西日本新聞「現代ブンガク風土記」第73回 宮本輝『五千回の生死』

西日本新聞の連載「現代ブンガク風土記」(第73回 2019年8月25日)は、宮本輝の代表作の一つ『五千回の生死』を取り上げています。表題は「阪神間の海沿いの輝く生」です。ソウルでの国際シンポジウムの発表を無事に終えて、校務に復帰しつつ、明日からのモンゴル異文化研修(@ウランバートル)への長期出張の準備をしているところです。

宮本輝は、梅田の繁華街にある市立曾根崎小学校に通っていましたが、父親が事業に失敗し、兵庫県尼崎市に引っ越しています。この作品は、宮本輝の作家としての原風景と呼ぶべき、尼崎に住む人々を描いた短編集です。

例えば短編「五千回の生死」は、デザイン事務所の経営に行き詰まった「俺」と、国道26号線を歩いて自宅に帰る時に出会った「一日に五千回ぐらい、死にとうなったり、生きとうなったりするんや」と言う男との奇妙な共生関係を描いた小説です。「お前かて、死にたなったり、生きたなったりするやろ? そんなこと思うの、人間だけやろ? 俺が正常な人間やという証拠やないか」と問いが、読後の印象として強く残る作品です。

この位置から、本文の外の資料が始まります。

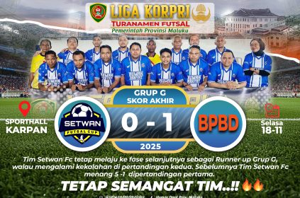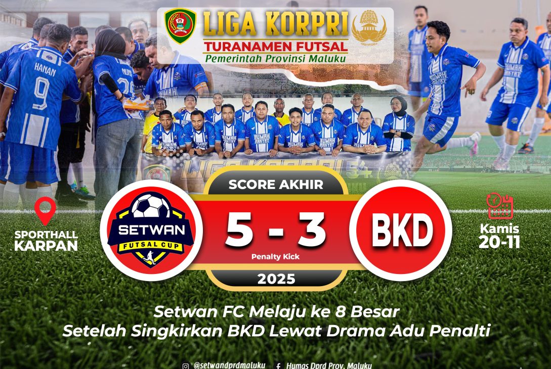 AMBON, HarfMedia.Id – Tim Sekretariat Dewan (Setwan FC) berhasil mengamankan tempat di babak delapan besar (perempat final) setelah memenangkan pertandingan sengit melawan Tim Badan Kepegawaian Daerah (BKD) dalam drama adu penalti.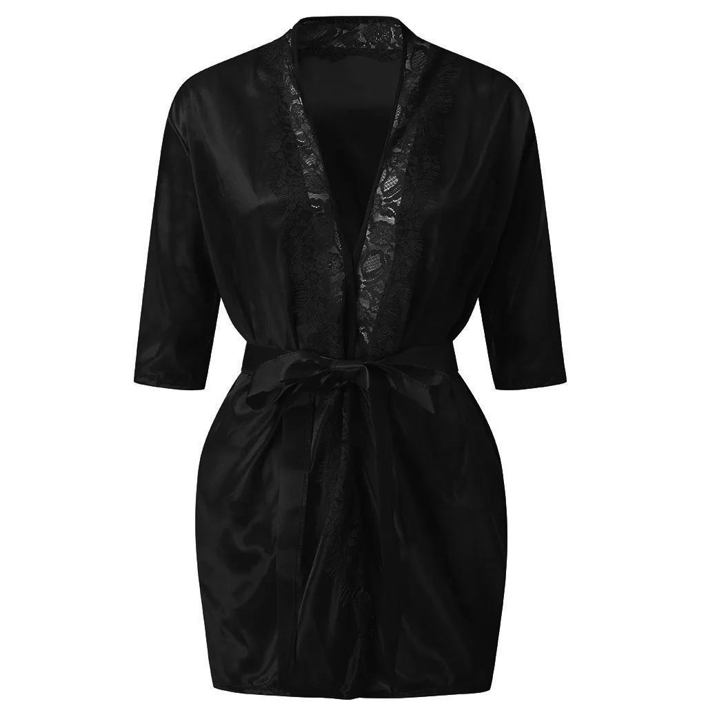 Модная женская осенняя Повседневная однотонная кружевная комбинированная Пижама с рукавом в девять минут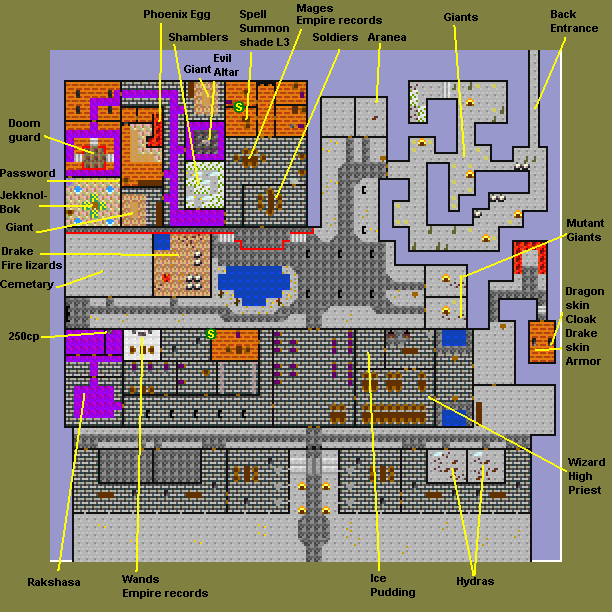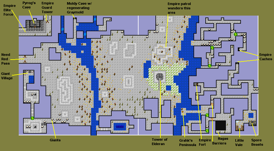 - Respawning monsters include Aranea to the east and giants and empire troops to the west.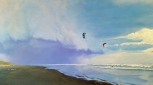 Kite Surfers run ahead of the storm at Foxton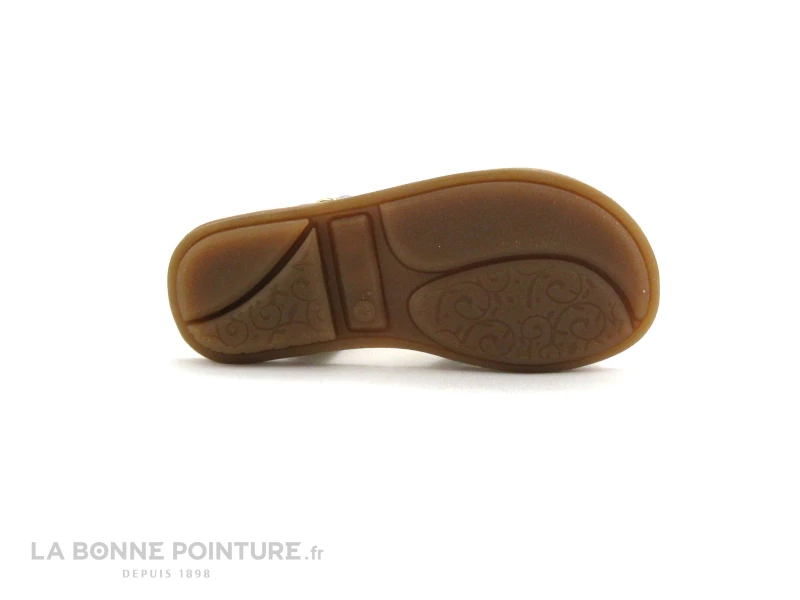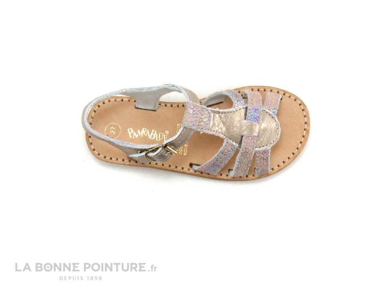 Ce nu-pieds spartiate fille combine un cuir métallisé beige/bronze et un cuir velouté rose nude aux reflets multicolores.

この短編集には、人生の底を舐めるような悲しみと、それを陽気に突き抜けるような明るさの双方が凝縮されています。全体に平易な言葉遣いながら、宮本輝が幼少期から親しんだ、尼崎の土地に根ざした価値観が、ちょっとした心情表現の中にも生き、脈打っています。「五千回の生死」は、阪神間の海沿いの街に根を張って生きてきた人々の生活を、様々な角度から光を当てて輝かせた、現代を代表する「プロレタリア文学」だと思います。